In his book, La Guerre a Outrances - Comment la presse nous a desinformé sur l'Irak (The War of Outrages - How the press disinformed us on Iraq), M Hertoghe attacked French reporters for continually predicting that the war would end in disaster for American and British forces.
French journalists were "dreaming of an American defeat", he wrote and from the earliest days of the war predicted a "new Vietnam" or "Saddamgrad" after every American casualty.
He said he realised that this pessimistic view was inaccurate by reading accounts from journalists embedded with coalition forces.
But his biggest influence was the columns written by The Daily Telegraph's Defence Editor, Sir John Keegan, whom he quotes dozens of times in the book's 200 pages.
"When you read [Sir John's] columns, you get the impression that he is describing a completely different war than the one unfolding in the French press," he said. "History has shown that his was the correct analysis."
For instance, on March 25, less than a week after the start of the allied offensive, while most French papers were giving warning of a "military quagmire", Sir John remarked that the coalition advance of 300 miles in four days was "one of the fastest advances ever achieved, surpassing that of the British liberation army in the dash from the Seine to Brussels in 1944".
M Hertoghe said: "French readers simply cannot understand how British and American forces won the war so fast."
In the book, M Hertoghe, 44, a Belgian, examined articles and editorials from his own paper, La Croix, as well as the conservative Le Figaro, centre-Left Le Monde, Left-wing Liberation and the regional paper Ouest-France.
He charges all of them with "collective misdemeanours" resulting from a mixture of journalistic and French arrogance.
M Hertoghe, the former assistant editor of La Croix's online edition, said the reasons for this failure were threefold.
He argued that, because three quarters of reports on Iraq were written from Paris, journalists were influenced by the national anti-American mood and above all hatred of President George W Bush.
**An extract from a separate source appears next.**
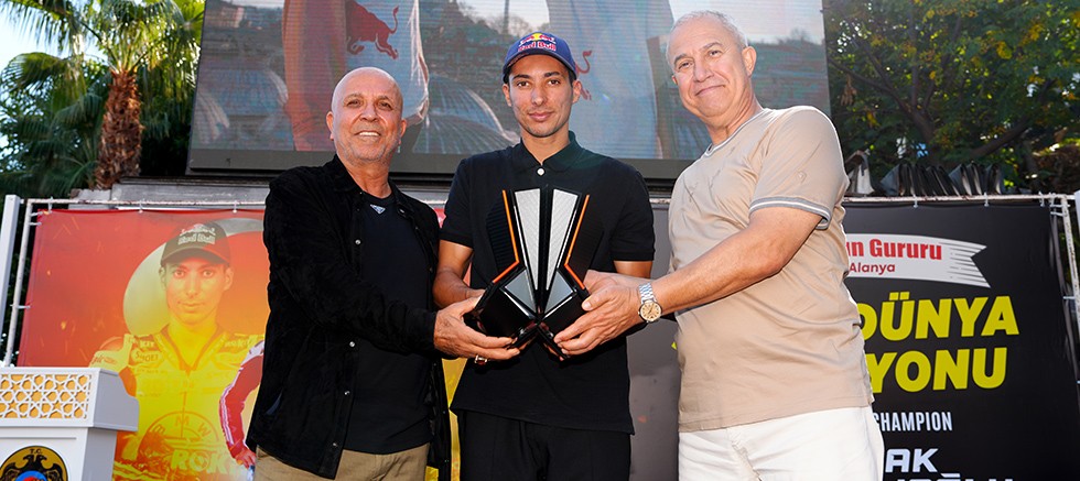 Razgatlıoğlu yaptığı konuşmasında tüm katılımcılara teşekkür ederek, “Dünya Şampiyonu olduğumuzda her zaman biz diyorum. Çünkü hep beraber bu şampiyonluğu elde ettik. Sizlerin sevgisi bizi çok güçlendiriyor. Beni bugün de yalnız bırakmadınız sizlere çok teşekkür ediyorum. Alanya’dan ya da Alanya dışından geldiniz her birinizin ayağına sağlık. Bu sene çok başka bir karşılama oldu. Sevginizi bu şekilde görmek bizi çok mutlu etti. İnşallah seneye de şampiyon olacağız. Biliyorsunuz son yıl zorlu geçti, son yarışta rakibimiz tarafından yarış dışı kaldık ama başardık. Bir şekilde o stres altında şampiyonluğumuzu ilan ettik. Şu anki yarıştığım yerde son senemdi artık MotoGP’de yarışıyorum. Orada yarışan ilk Türk olacağım. Biz her zaman ki gibi ülkemizi en iyi şekilde orada da temsil etmeye devam edeceğiz. Bayrağımızı orada da dalgalandırmaya devam edeceğiz. Yarış kazandıktan sonra her defasında bayrağımızla tur atıyoruz, bu inanılmaz bir duygu anlatılacak bir şey değil. Bu yıl 21 defa yarış kazandık. Bu, 21 defa İstiklal Marşı demek. Daha zorlu bir yere gidiyoruz. İki tekerde çıkabileceğimiz en üst yere gidiyoruz. MotoGP pilotu olmak önemli değil orada iz bırakmak bizim için önemli. Orada da başarılı olursak, hayalimizin de ötesine geçmiş olacağız.” dedi. Razgatlıoğlu, konuşmasının ardından Belediye Başkanı Özçelik ve Alanyaspor Başkanı Çavuşoğlu, 2025 Dünya Superbike Şampiyonluk Kupasıyla poz verdi.

Second, President Jacques Chirac's intransigence, coupled with the panache of his foreign minister, Dominique de Villepin, produced a collective sense that France had recovered its position as an international heavyweight.
Third, journalists were swayed by a misguided fraternity with any Arab state or regime that opposed Mr Bush or Tony Blair. "They knew Saddam was a bad man, but at least he would teach the Americans a lesson," said M Hertoghe.
"Reading French dailies, you are under the impression that America, apart from a handful of admirable pacifists, is full of unpleasant brainless, selfish and violent 'patriots'," he wrote. Some editorials even put Mr Bush on a par with Saddam.
M Hertoghe was fired on Dec 15 for a "loss of confidence" following the book's release. He said he received a letter from La Croix listing four points, including damaging the newspaper's reputation. He told The Telegraph yesterday that he was considering legal action for wrongful dismissal.
Despite rave reviews in Belgium, the book hardly raised an eyebrow in France.
Daniel Schneidermann, recently fired by Le Monde for criticising the paper's management, lamented the lack of debate over the book.
In a column in Liberation, he described the French national press as being "in crisis" over its ability to honestly inform the public.